Hypnotherapist and addiction specialist Jason Demant has helped people overcome far more severe addictions. "Cocaine, alcohol, that sort of thing," he says. It examines my childhood, youth, and the connections I make when I contemplate the highest majesty of a can of Diet Coke. I explain teen eating disorder by replenishing Diet Coke instead of eating lunch. I made a full recovery, I explain, but Diet Coke stayed in my life anyway.

"Do you often feel that you have to follow the rules in your life?" Asks Demant. “Are you always a good person? Do you always do the right thing? "

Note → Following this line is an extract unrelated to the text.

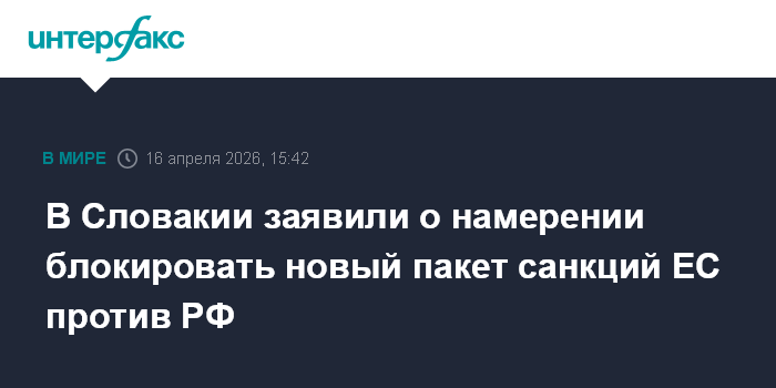 Москва. 16 апреля. INTERFAX.RU - Словакия готова заблокировать очередной пакет санкций в отношении России, заявил в четверг министр иностранных дел страны Юрай Бланар.

Yes i answer slowly. I work hard at my job, I try to be a good friend and partner, eat well, exercise. Diet Coke is the only thing I think fuck it. I'll do what I want to do, which is drink gallons of it.

Demant explains that Diet Coke triggers my built-in reward system, so I can't seem to let go of it. “It's a break from life's obligations. What you have to do is find something else that makes you feel that way. What is, instead of rewarding yourself with Diet Coke, you could do things for yourself that are loving felt? "

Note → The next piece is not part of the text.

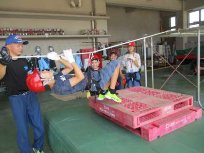 「B・F・Cのつどい」では、日程の説明を受けた後、準備運動をしてから、様々なことを体験しました。

I incorporate small self-care gestures into my day. I play more with my cat. I watch trashy television. I read in the bathroom. In the twilight between brushing my teeth and going to bed, I listen to the hypnotherapy recording Demant sent me after our session. "You don't have to drink Diet Coke," Demant intoned over a smooth piano soundtrack. Yes i nod. I do not want it.

Something wonderful happens. I stop thinking about Diet Coke. I have run out of Diet Coke in my fridge – and that's fine. I dont miss it. To my amazement, I'm losing a kilo. I don't care about weight loss, but it's fascinating. It suggests that the artificial sweetener in the Diet Coke sparked my appetite for sweet things. (Studies have shown an association between diet drink consumption and higher sugar consumption.)

Most of all, I feel peaceful. "When you're addicted to something, your brain always thinks about where you're going to get the next hit," says Marlow. "Drinking five cans of Diet Coke takes up a lot of space in the brain." She's right: Although I still think about Diet Coke, it doesn't consume my mind like it used to. I'm not constantly monitoring how many cans I have in the refrigerator or when the next time I have to run a supermarket run.

Demant explains that I have to be vigilant in the future so that I don't slip into old habits. "With any pattern that is compulsive or addictive, you have to be on your guard all the time," says Demant. "Because you might be thinking, 'Oh, I got this done," and five minutes later you can go into the store to buy Coke. Always be on your guard. "Marlow agrees." What we know about most addictions , is that if they think they only have one, people will relapse. "For many people, that's just not possible. My advice is: don't think you can only have one can. It's not worth it. "Marlow hasn't had Diet Coke in five years.

It's been a month now and I stopped drinking Diet Coke. When I take out the recycle, it doesn't sound like a steel band at the tting Hill Carnival. I drink water in the morning – and I like the taste of it. I swam out of the foaming caramel tide into an ocean of clear, clean sea: water around me and not a drop of fizzy drink to drink.